Kubernetes Security and checkpoint/restore in userspace
Hybrid Meetup #48 took place 2025-02-25 19:00 at Basislager and we had a great presentation about Kubernetes security.
StackRox/RHACS
StackRox (founded in 2014) focussed on container/cluster security and was acquired by Red Hat in 2021.
Today, Red Hat is excited to announce that Red Hat Advanced Cluster Security for Kubernetes (RHACS) is now open sourced as StackRox. The Kubernetes and container security community can now use and contribute to the codebase of StackRox on Github.

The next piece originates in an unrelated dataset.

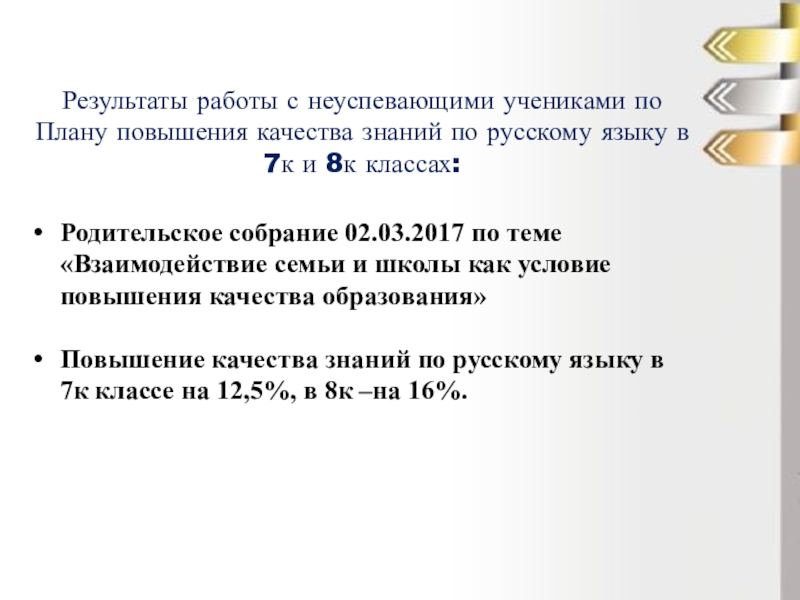 Слайд 15Результаты работы с неуспевающими учениками по Плану повышения качества знаний по

There are three security layers on the cluster:
- build time (CVE handling, image checks, …); supported by roxctl
- deploy time (admission controller)
- runtime (agent collecting telemetry from nodes)
Interestingly, the core application can run on a single node, using a single Postgres instance (up to 300GB); vertically scaled to (in the order of) 32 cores and 64GB RAM. While this can be a bottleneck, clusters up to 3000 nodes and 40,000 cores are currently well supported by the application.
Some compute intensive parts of the application include the database, spikes from user queries, long running queries or analytics.
StackRox will use other tools, such as falco (source) for event monitoring.
At its core, Falco is a kernel monitoring and detection agent that observes events, such as syscalls, based on custom rules. Falco can enhance these events by integrating metadata from the container runtime and Kubernetes. The collected events can be analyzed off-host in SIEM or data lake systems.
For node communication, StackRox will use mTLS and gRPC.
Checkpoint/Restore in userspace
Creating snapshots from containers can be useful for forensic analysis or container migration. We briefly looked at criu:
It can freeze a running container (or an individual application) and checkpoint its state to disk. The data saved can be used to restore the application and run it exactly as it was during the time of the freeze. Using this functionality, application or container live migration, snapshots, remote debugging, and many other things are now possible.
More on that topic:
- Forensic Analysis of Container Checkpoints - DevConf.CZ 2023
- Forensic container checkpointing and analysis (ASG23)
Thanks again to Simon for the great high-level archtectural overview.